И королева Текла заговорила вкрадчиво:

— Ты спрашиваешь меня, каким образом я сделаю тебя императором? Не беспокойся о средствах к этому. Тут играют роль весьма сложные и, глубокие комбинации, в которых ты мало смыслишь, дитя. Не правда ли, ведь, политика надоедает тебе? Ты, со своей стороны, не сделаешь ничего, ничего трудного. В один прекрасный день, когда ты менее всего будешь ожидать этого, я скажу тебе: «Идите, государь!» И тогда твоему императорскому величеству нужно будет только сесть на трон! Тебе известно, — прибавила она с холодной улыбкой, которая плохо шла к ее бледным губам, — как делает это Генрих-Птицелов в первом акте «Рыцаря лебедя»! Ах! нужно только, чтобы ты верил мне и совсем немного слушался меня.

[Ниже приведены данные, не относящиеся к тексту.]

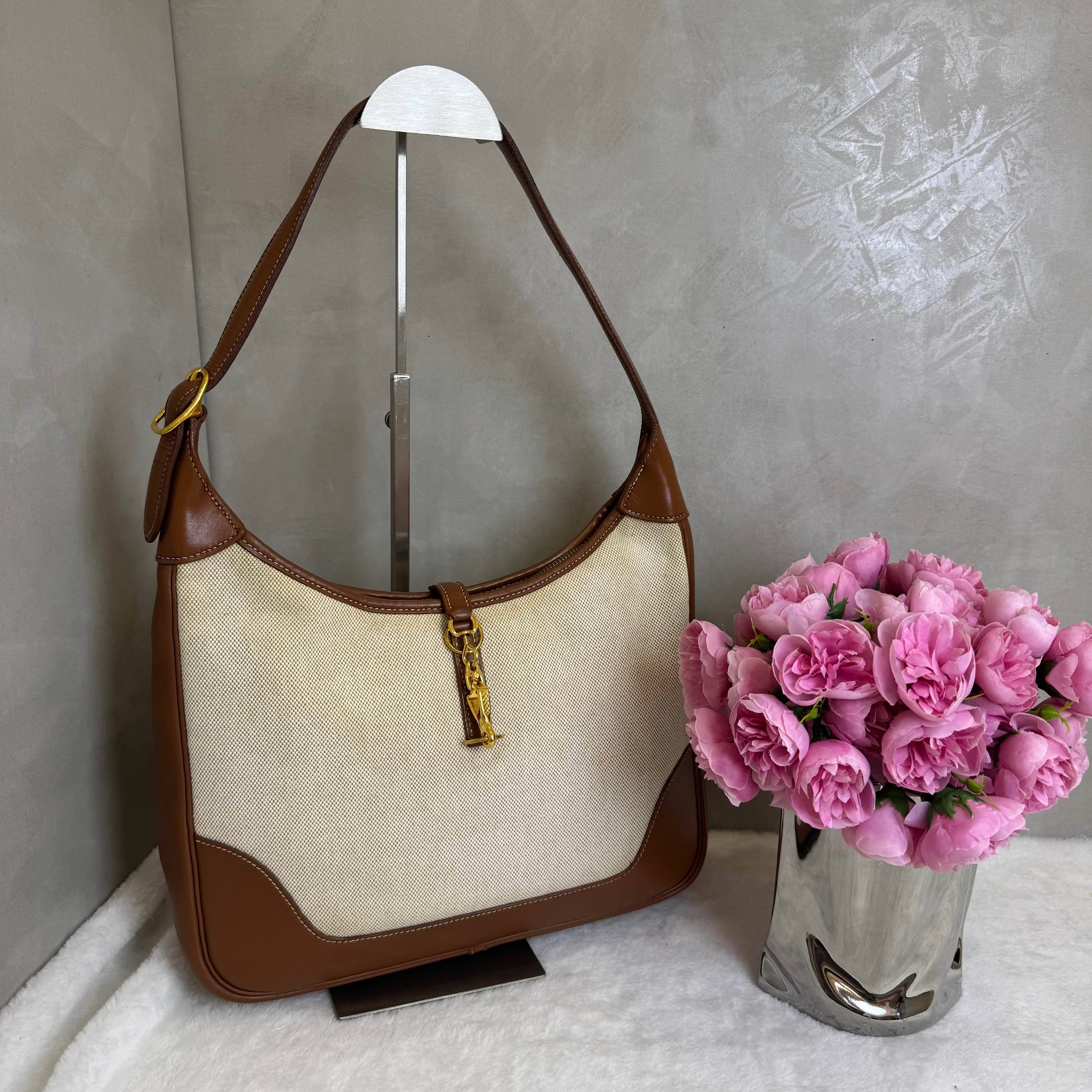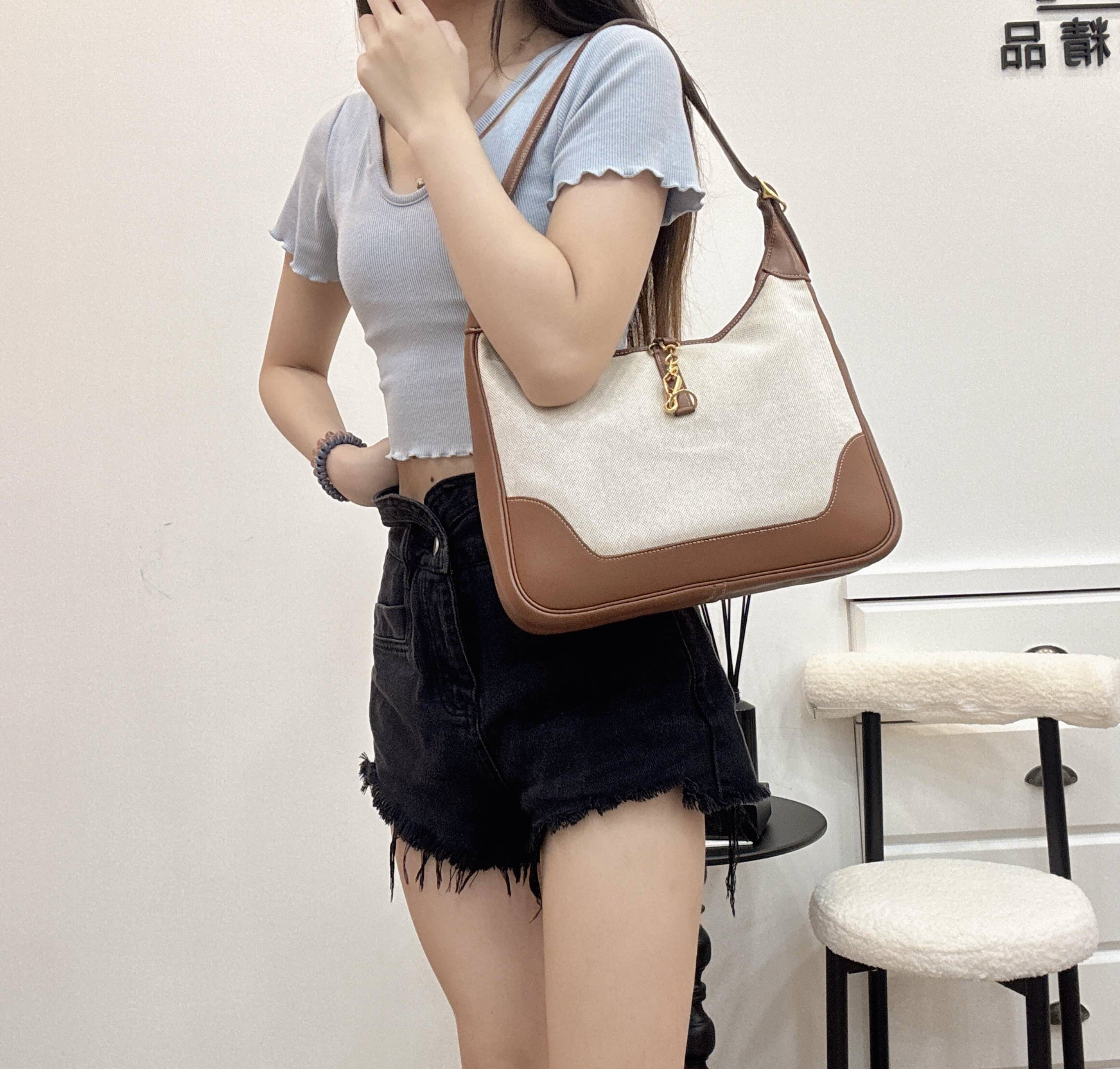 這款愛馬仕Vintage Trim 31手袋是中古稀有款,帆布拼馬鞍皮+金屬金扣,復古感滿滿!金棕拼米色配色超有氛圍,容量適中,通勤休閒都OK✨。腋下包設計,法式優雅實用,低調無Logo,適合喜歡獨特品味的姊妹。歲月沉澱後更顯價值,是中古包愛好者的夢中情包!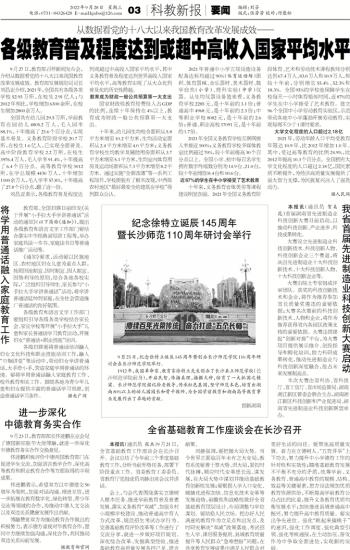 纪念徐特立诞辰145周年暨长沙师范110周年研讨会举行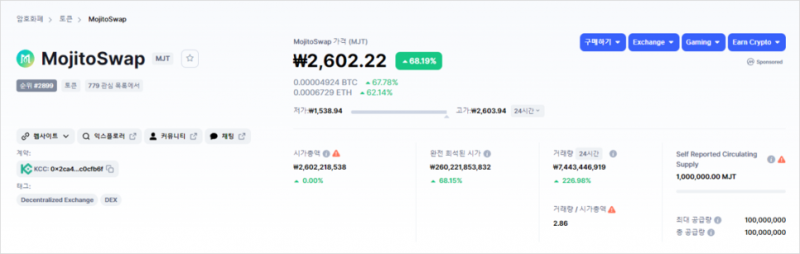 ▶ MojitoSwap(MJT) 코인마켓캡 실시간 시세 확인하기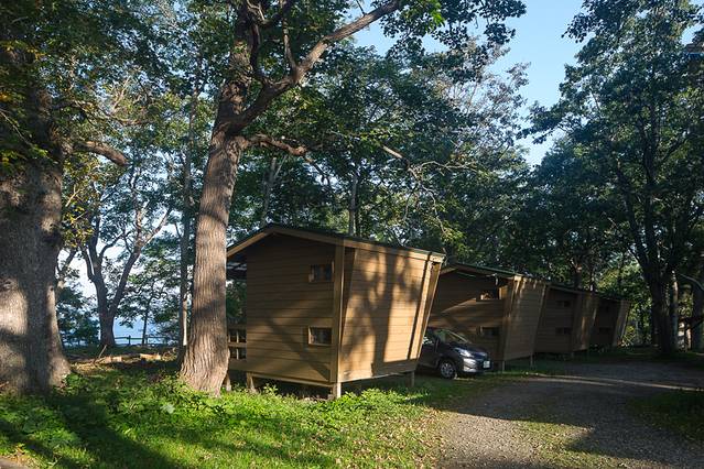我们回到了野营场,在宇登吕这两天我们选择了租赁森林小木屋来野营。每晚3200日元,但要自备防潮垫与睡袋。知床野营场就位于知床八景之一的夕阳台旁,在这里能看到知床最动人的夕阳。远处宇登吕海港的巨石也是知床八景之一的怪兽巨石。
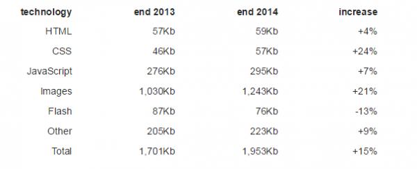 CSS增加了11Kb,響應性網頁設計和CSS3應該對這一增加出了不少力,但JavaScript卻沒有減少。雖然現在有不少CSS管理和精減工具,但每個網站都會平均請求6個CSS文件。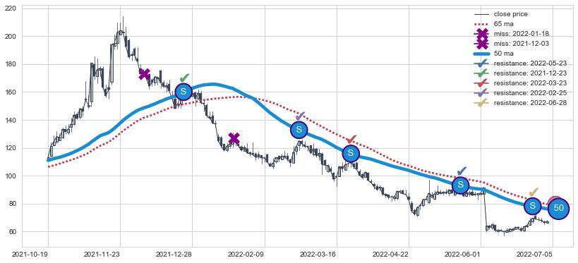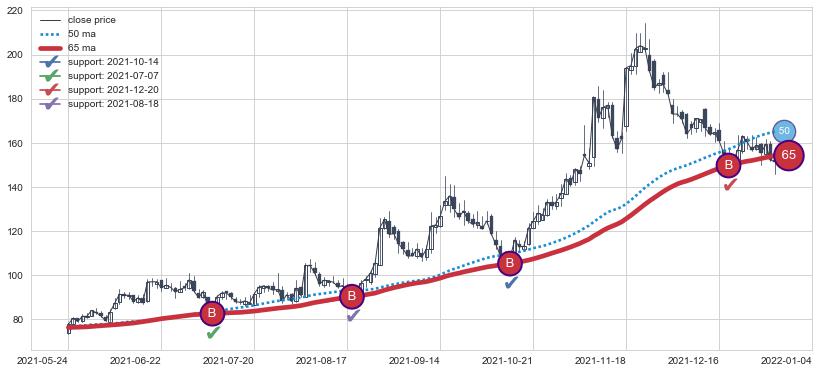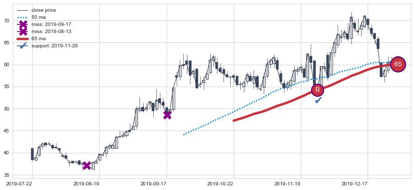 ➢ 最优均线组合共正确确认支撑阻力信号10处,正确确认率 71.43%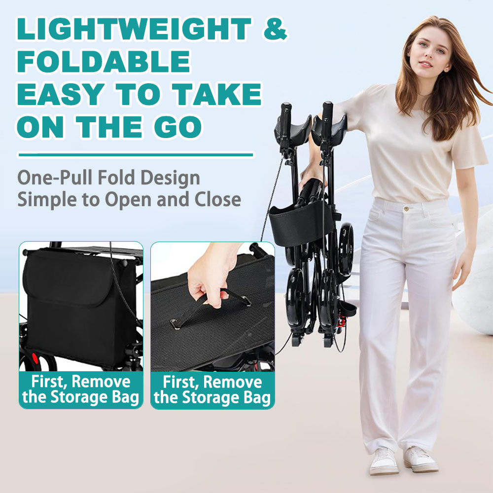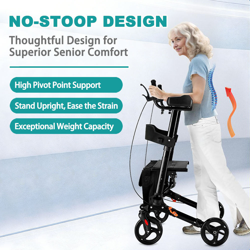 All Terrain Upright Rollator Walker with Seat, Stand up Rolling Walker, Compact Folding Design for Seniors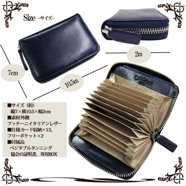 | 扇のように大きく開き、必要なカードをひと目で見つかると同時に指も入るので取り出しやすさ抜群です。 フリーポケットを含め、合計15ヶ所に収納可能。 ポイントカードや診察券でいっぱいの財布をすっきりしてくれる、便利なアイテム。 高い生産基準を満たした「イタリア・ベジタブルタンニング協会」認定の高品質イタリアンレザーを大胆に使用し、 飽きの来ないシンプルかつスタイリッシュなデザインに仕上げました。 カラー・仕様共に、年齢問わずご愛用いただけるカードケースです。 ■カラー:ネイビー ■サイズ(約):縦7×横10.5×幅2cm ■素材:外側/プッチーニイタリアンレザー、内側/ナイロン ■仕様:カード収納×13、フリーポケット×2 ■付属品:ベジタブルタンニング協会の証明書、専用BOX 【ベジタブルタンニング協会の証明書とは】 イタリアの伝統的な革なめし業に従事するタンナーが所属する組合。 小さな血筋、しわ些細な傷は天然素材の証明でありそれぞれの革をこの世で唯一のものにしています。 メンバーが供給するレザーには環境への配慮、皮革の自然さ、鞣し行程の高い生産基準などの条件を満たした、 高品質なイタリアでなめされたベジタブルタンニングレザーであるという証の証明書が付きます。 また、証明書にはシリアルナンバーが一枚一枚印刷されており、偽造出来ない唯一無二のものです。 【訳あり商品】 こちらは新品・未使用ですが、製造過程による細かい傷、ノリ汚れ、擦れ等がございます。 通常のご使用には問題ございませんが、神経質な方は入札をお控え下さい。 ※こちらの商品は全てにおいてノークレーム・ノーリターンです。 ご了承の上、入札下さいませ。 --革製品について-- ・製作過程により多少の傷、汚れ、縫い目が粗い、塗装にムラ、接着剤跡等がある場合が御座います。 ・天然素材の商品は、自然由来の素材のため革には細かなシワや傷跡・トラ等が存在する場合があります。 ※シワなどは、動物の生育環境や年齢、個体によって異なる、革の特性です。 ・商品の仕様・デザインは、製品向上の為に予告なしに変更になる場合がございます。 ・掲載している写真は、ご使用のコンピュータの環境や撮影の光加減によって実際の商品のイメージと多少異なることが御座います。 これらについては予めご理解頂いた上でご購入お願いします。 | |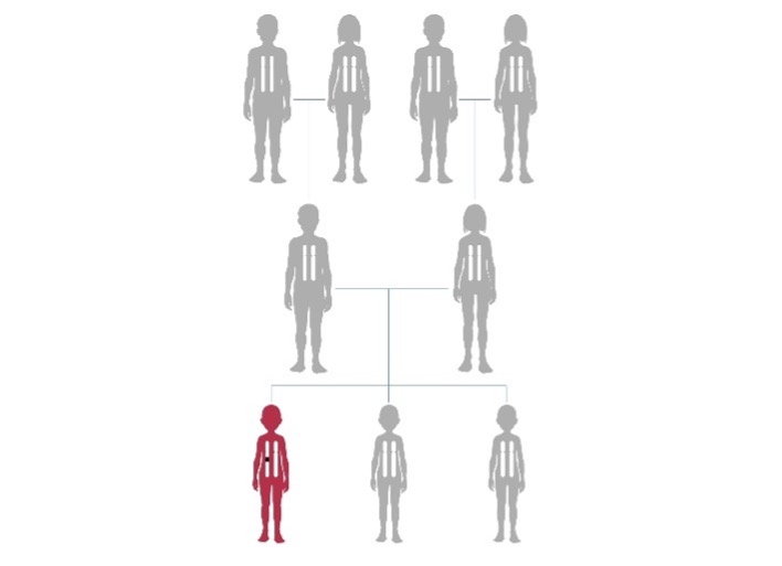 Dans la grande majorité des cas, il s’agit d’une anomalie génétique « de novo ». Cela signifie que ni la mère, ni le père ne sont porteurs de cette anomalie et qu’elle est apparue accidentellement, probablement lors de la formation de l’ovocyte ou du spermatozoïde qui ont permis la naissance de l’enfant.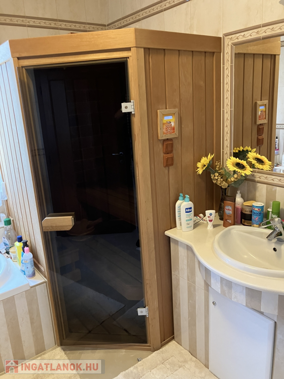 Az ingatlanban nappali, konyha-étkező, 3 szoba, 2 fürdőszoba káddal, zuhanyzóval, szaunával, nyitott és fedett terasz, házból is megközelíthető 2 állásos fűtött garázs található.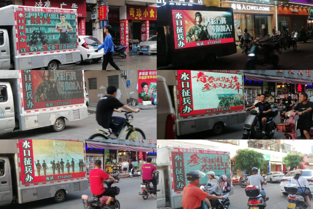 二是充分利用超市、商业街等点位人流量大、位置显著的优势,布置征兵宣传车分阶段开展巡逻式宣传,同时悬挂征兵宣传横幅,通过车载广播和醒目的宣传标语,向过往群众传递着征兵信息,大力营造浓厚的宣传氛围。
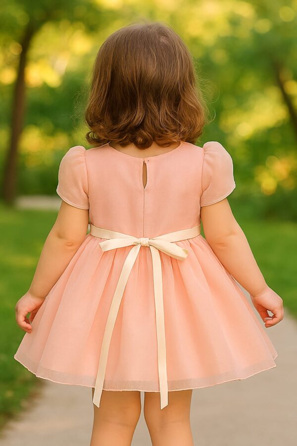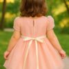 Dress your little princess in timeless elegance with the Peach Blossom Party Frock. This beautiful frock is crafted in a soft peach shade with delicate puff sleeves and a flared skirt, creating a fairy-tale look for your baby girl.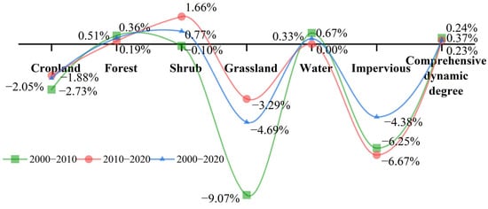 By calculating the dynamic attitude of the integrated land categories, we found that the dynamic attitude of 2000–2010 was the largest, with a value of 0.37%, which shows that the land categories were constantly transforming and were more obvious, and the integrated dynamic attitude of 2010–2020 was the smallest, which shows that the land category transformation basically tended to stabilize. We also calculated the integrated dynamic attitude from 2000 to 2020, and its value was located between the two phases, which shows that the transformation of landforms was first rapid and then stabilized.

— В чем же? — тревожно спросил король.

— Будь, спокоен. Я не потребую от тебя трудной жертвы. Кабинет министров как, может быть, ты уже слышал, требует изгнания Ганса Гаммера. Я не согласна с мнением кабинета. Нет никакого преступления в том, что ты любишь музыку, — великий король должен покровительствовать искусствам и артистам. Правда, столько миллионов, на постройку театра, это много. Тюрингия беднеет с каждым днем. Налог на пиво — самый главный предмет нашего дохода; если бы тюрингенцы сделались вполне трезвыми, у нас вовсе не было бы денег. Хорошо, если бы ты согласился подождать немного с устройством театра. Тебе его построят гораздо красивее из золота, вывезенного из побежденной Франции! А пока можешь сохранить для себя Ганса Гаммера: это гениальный человек; я всегда говорила это! И он один способен написать марш для твоей коронации.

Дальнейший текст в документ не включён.